Click to expand/collapse

 

Daniel Smith: Welcome to On Tech Ethics with CITI Program. Today, I’m going to speak to Yael Bensoussan, who is an assistant professor of otolaryngology at the University of South Florida Health Morsani College of Medicine and a fellowship-trained laryngologist. She is also the principal investigator of the Bridge2AI-Voice Project, a multi-institutional endeavor funded by the National Institutes of Health to fuel voice as a biomarker of diseases. In our conversation, we are going to discuss voice as a biomarker of diseases, including ethical considerations and how this technology could change the way we diagnose and monitor diseases.

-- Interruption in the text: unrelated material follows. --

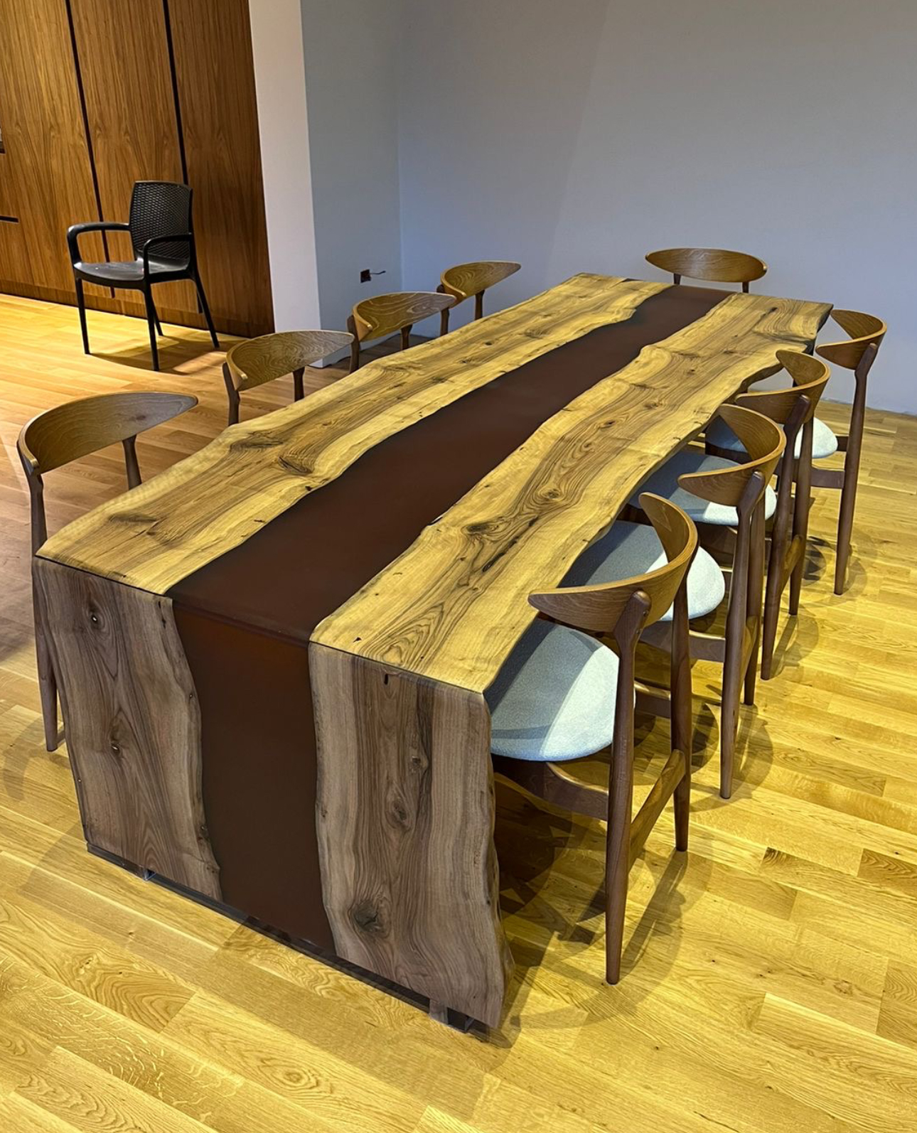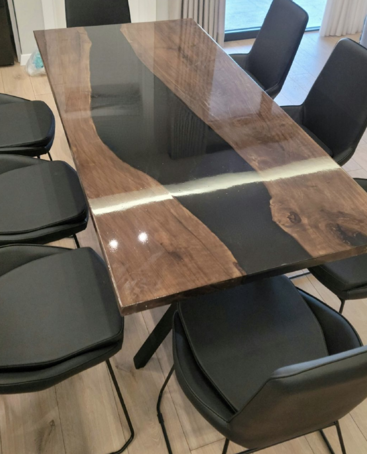 Massivholztisch mit Epoxid (Nussbaum)

Before we get started, I want to quickly note that this podcast is for educational purposes only. It is not designed to provide legal advice or legal guidance. You should consult with your organization’s attorneys if you have questions or concerns about the relevant laws and regulations that may be discussed in this podcast. In addition, the views expressed in this podcast are solely those of our guests. And on that note, welcome to the podcast, Yael.

Yael Bensoussan: Thank you so much for having me.

Daniel Smith: It’s great to have you. So I briefly introduced you and talked a bit about your background, but can you tell us more about yourself and what led you to explore the idea of voice as a biomarker of health through your work at the Morsani College of Medicine?

Yael Bensoussan: Yeah, of course. So I’m Canadian, and I actually did a lot of singing. I was a singer-songwriter in my past life. And then I studied speech pathology, which specifically helps people rehabilitate their voice. So I’ve always been really passionate about voice. And then I got into med school. I became an ENT surgeon knowing that I always wanted to treat people’s voices for a living, because I knew that people that lost their voice felt really bad. They lost their identity, they couldn’t communicate. So that was always a dream of mine. So I opened the voice center here with Dr. Stephanie Watts about five years ago, where we treat people with voice conditions. And then from a research perspective, we got really interested in, well, we can tell when people are sick because we listen to voices all the time, but can AI listen to it as well and make the same determination?

We’re not the only ones who are interested in this. Obviously, we came at the best moment because there was kind of a lot of people interested at the same time. This is when we decided to apply to this NIH funding opportunity called the Bridge2AI Program that had really traditional biomarkers like genomic biomarkers, radiology. And then we came with this theme of the voice. I think at first they were a little scared to fund us because they thought it was a little bit out of the box, and government money needs to fund things that are more secure, but they’re very happy because now they realize the potential of it.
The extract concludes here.